Phillip Matthews
- Born: Phillip Michael Matthews 21 January 1960 (age 66) Gloucester, England
- School: Regent House Grammar School
- University: Queen's University Belfast
- Notable relative: Hannah Matthews (daughter)

Rugby union career
- Position: Flanker

Senior career
- Years: Team / Apps / (Points)
- 1978–?: Queen's University
- ?–1986: Ards
- 1986–?: Wanderers

Provincial / State sides
- Years: Team / Apps / (Points)
- Ulster

International career
- Years: Team / Apps / (Points)
- 1984–1992: Ireland / 38 / (16)
- 1989: British and Irish Lions / 1 / (0)
- 1985–1989: Barbarians / 6 / (16)

= Phillip Matthews =

Irish former rugby union international, later college leader

Phillip Michael Matthews (born 21 January 1960) is a former Ireland rugby union international. He was a member of the Ireland team that won the 1985 Five Nations Championship and the Triple Crown.
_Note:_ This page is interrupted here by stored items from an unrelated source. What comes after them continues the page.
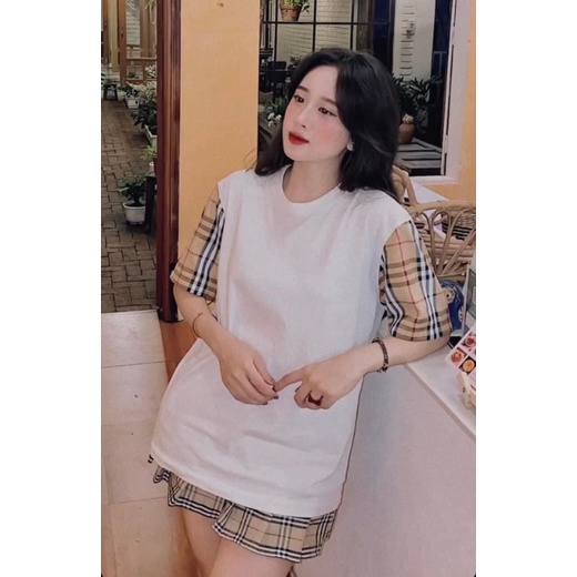 áo phông tay phối kẻ siêu hot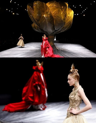本季的Alexander McQueen,出人意料的恬静,设计师要表现的应该是他巫国的王室吧。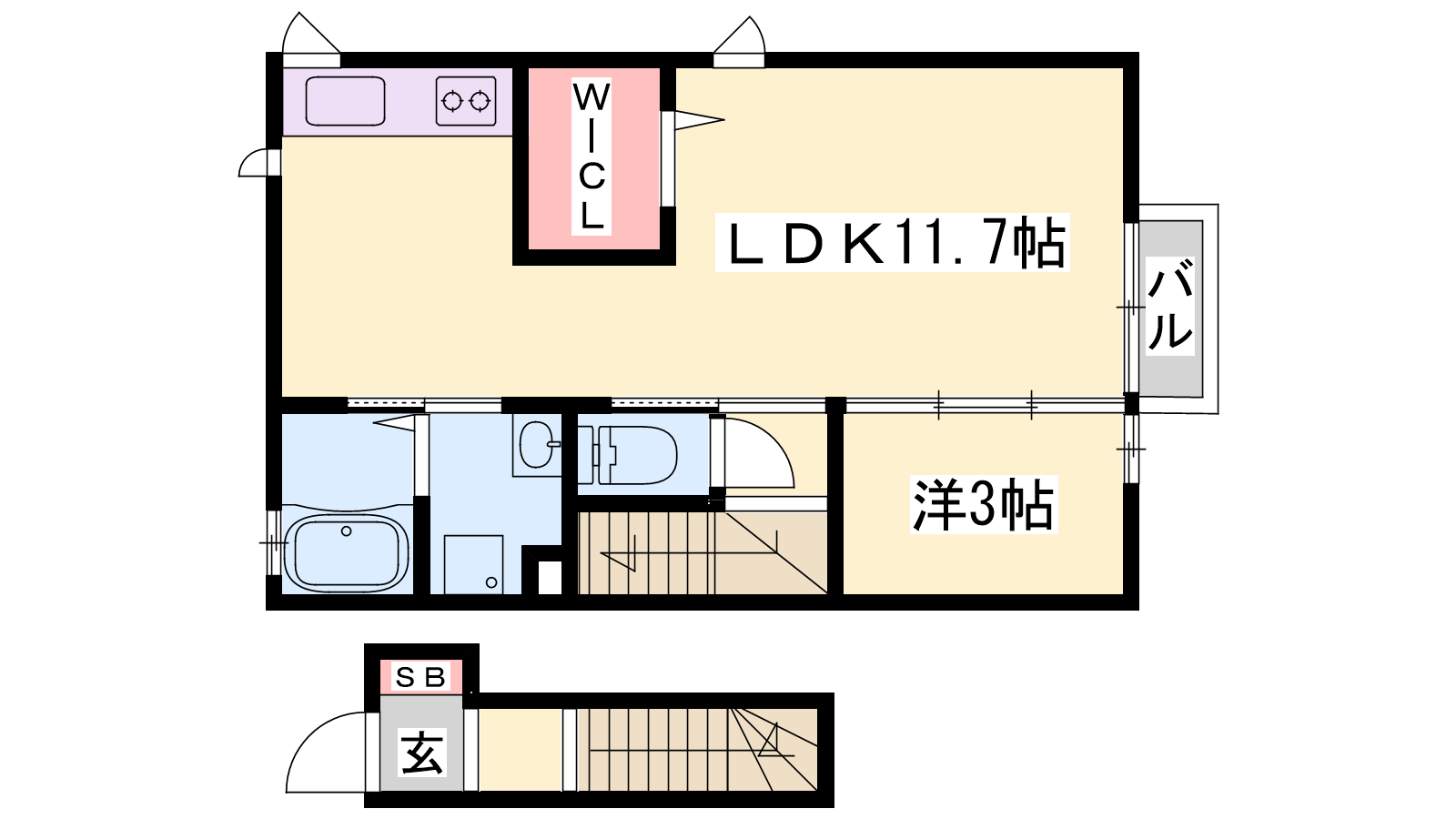 エアコン1台完備!広々ウォークインクローゼット!日当たり良好。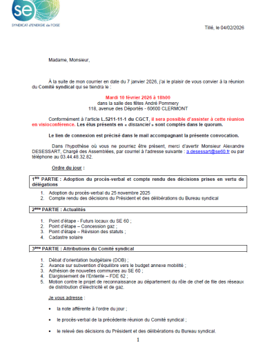 Convocation et documents - Comité syndical - 10/02/2026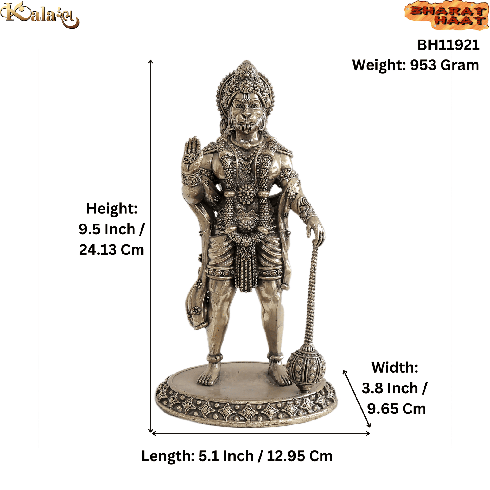 BRASS HANUMAN STATUE | PREMIUM HANDCRAFTED BAJRANGBALI IDOL FOR HOME & POOJA DECOR (9.5 INCH, 953 GRAM)
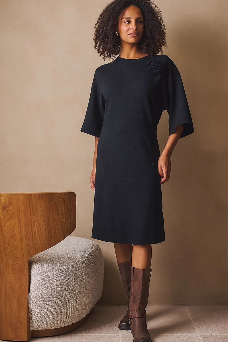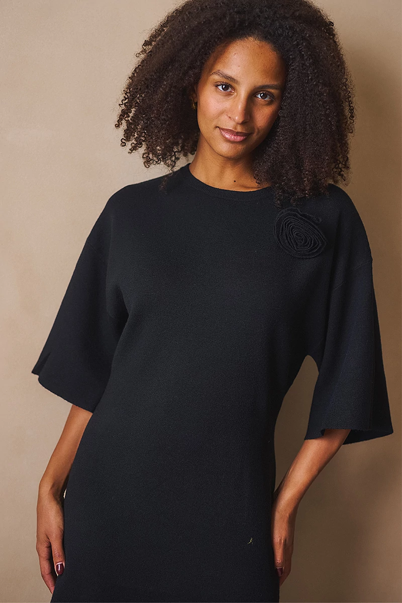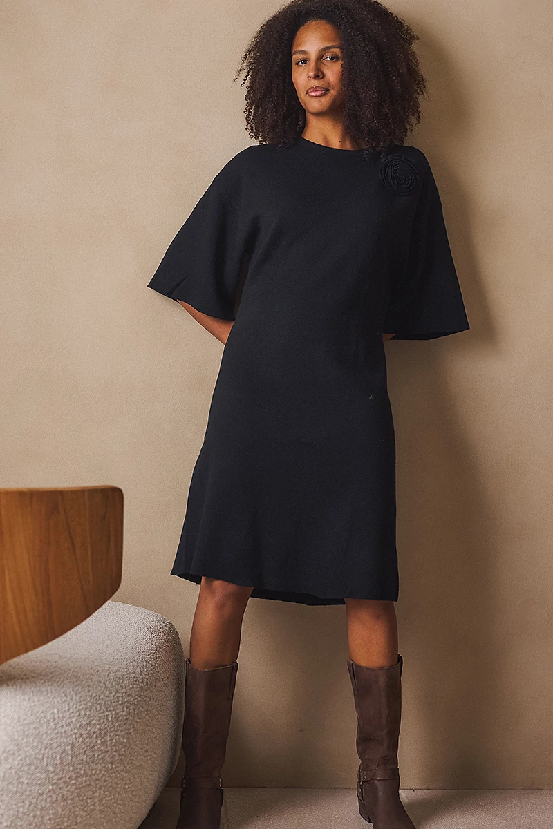 Ez a kötött ruha a letisztultság és a nőies részletek tökéletes egyensúlya.Egyenes vonalú, közepes hosszúságú fazonja kényelmes és elegáns, az 1/2-es bő ujj pedig könnyed mozgást enged. Az alján és az ujja végén passzé nélküli megoldás finom egyszerűséget ad, míg a kerek, passzés nyakkivágás harmonikusan zárja a vonalakat. A levehető, rózsa formájú textil kitűző játékos, romantikus részlet, amely személyessé teszi a darabot.Egy ruha, amelyben természetesen lehetsz elegáns, minden mozdulatában ott van a könnyedség és a női finomság.

He represented Ireland at the 1987 and 1991 Rugby World Cups. He also played for both the British and Irish Lions and the Barbarians. He captained both Ireland and the Barbarians. He subsequently served as a rugby union co-commentator with BBC Sport and TV3. Between 2010 and 2016 he served as the president of the National College of Ireland. His daughter, Hannah Matthews, is an Ireland women's field hockey international and played in the 2018 Women's Hockey World Cup final.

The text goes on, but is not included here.